Exercise: Return every record below exactly as given, images excluded.

______________________________

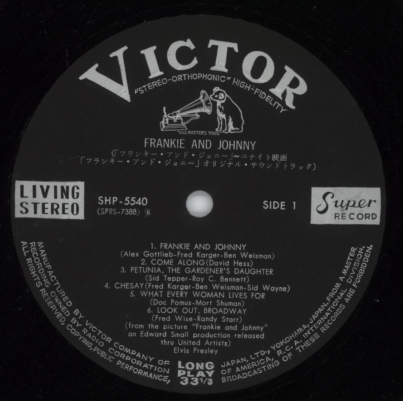 | Label: RCA – RPL-2021 Series: エルヴィス・オン・スクリーン1800 Format: Vinyl, LP, Album, Reissue, Stereo Country: Japan Released: Aug 1982 Phonographic Copyright ℗ – RCA Records Previously released in Japan in 1966 and 1969. This version was released with obi and insert containing English lyrics and Japanese liner notes. Matrix / Runout (Runout Side A - Stamped): RPL-2021A 121 Track 3, Side 2 misspelled track "Shout it out", listed as "Shot it out" |
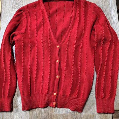 #ull #ulljakke #ullgenser #jakke #cardigan #rød #rødt #vintage #degogmeg
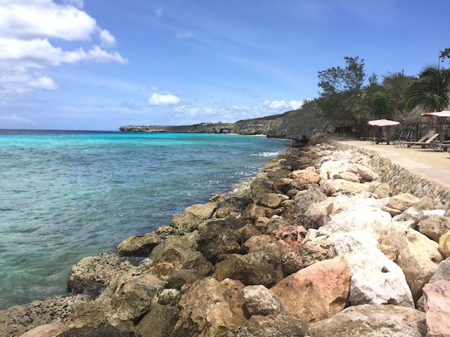 Nog een aanrader is restaurant Karakter in het Westen van Curaçao. Het is onderdeel van het resort Coral Estate. Je kunt hier heerlijk ontbijten en heel goed lunchen. Dus dan zou het avondeten ook wel goed zijn. En je mag gratis gebruik maken van de strandbedjes (met stopcontact, handig), waar ik mij een middagje prima vermaakt hebt. Je hebt hier geen strand, maar je kunt via een trappetje het water in. Heel fijn!
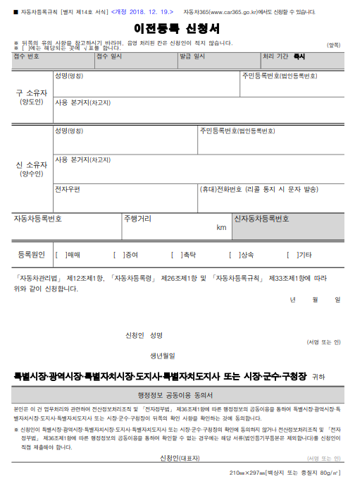 자동차 공동명의 변경 신청 방법 중 서류작성이 조금 어려울 수 있지만, 견본이 워낙 잘 작성되어 있어 어렵지 않습니다. 바쁘신 경우에는 서류 양식을 미리 다운받아 작성해서 가시면 대기 시간을 단축하실 수 있습니다.
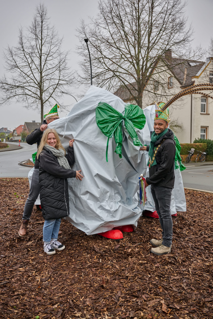 Das Bauteam, bestehend aus Wilma und Thomas Thorenmeier, Sascha Nolting, Michael Lotsch, Thorsten Böke, Frank Jansen, Klaus Ovenhausen und Matthias Wallbaum, wagte sich dabei auf für sie unbekanntes Terrain: „Wie baut man eigentlich eine Betonfigur?“, fragten sich die Karnevalisten zu Beginn. Ein Lehrgang im Sauerland, an dem vier von ihnen teilnahmen, brachte die entscheidenden Kenntnisse. Gemeinsam mit dem Künstler Arno Hesters entwickelten sie an diesem Wochenende die Gestaltungsidee, während Andreas Potthast die ersten Skizzen zur Umsetzung lieferte.

______________________________

Exercise response:
 | Label: RCA – RPL-2021 Series: エルヴィス・オン・スクリーン1800 Format: Vinyl, LP, Album, Reissue, Stereo Country: Japan Released: Aug 1982 Phonographic Copyright ℗ – RCA Records Previously released in Japan in 1966 and 1969. This version was released with obi and insert containing English lyrics and Japanese liner notes. Matrix / Runout (Runout Side A - Stamped): RPL-2021A 121 Track 3, Side 2 misspelled track "Shout it out", listed as "Shot it out" |
 #ull #ulljakke #ullgenser #jakke #cardigan #rød #rødt #vintage #degogmeg
 Nog een aanrader is restaurant Karakter in het Westen van Curaçao. Het is onderdeel van het resort Coral Estate. Je kunt hier heerlijk ontbijten en heel goed lunchen. Dus dan zou het avondeten ook wel goed zijn. En je mag gratis gebruik maken van de strandbedjes (met stopcontact, handig), waar ik mij een middagje prima vermaakt hebt. Je hebt hier geen strand, maar je kunt via een trappetje het water in. Heel fijn!
 자동차 공동명의 변경 신청 방법 중 서류작성이 조금 어려울 수 있지만, 견본이 워낙 잘 작성되어 있어 어렵지 않습니다. 바쁘신 경우에는 서류 양식을 미리 다운받아 작성해서 가시면 대기 시간을 단축하실 수 있습니다.
 Das Bauteam, bestehend aus Wilma und Thomas Thorenmeier, Sascha Nolting, Michael Lotsch, Thorsten Böke, Frank Jansen, Klaus Ovenhausen und Matthias Wallbaum, wagte sich dabei auf für sie unbekanntes Terrain: „Wie baut man eigentlich eine Betonfigur?“, fragten sich die Karnevalisten zu Beginn. Ein Lehrgang im Sauerland, an dem vier von ihnen teilnahmen, brachte die entscheidenden Kenntnisse. Gemeinsam mit dem Künstler Arno Hesters entwickelten sie an diesem Wochenende die Gestaltungsidee, während Andreas Potthast die ersten Skizzen zur Umsetzung lieferte.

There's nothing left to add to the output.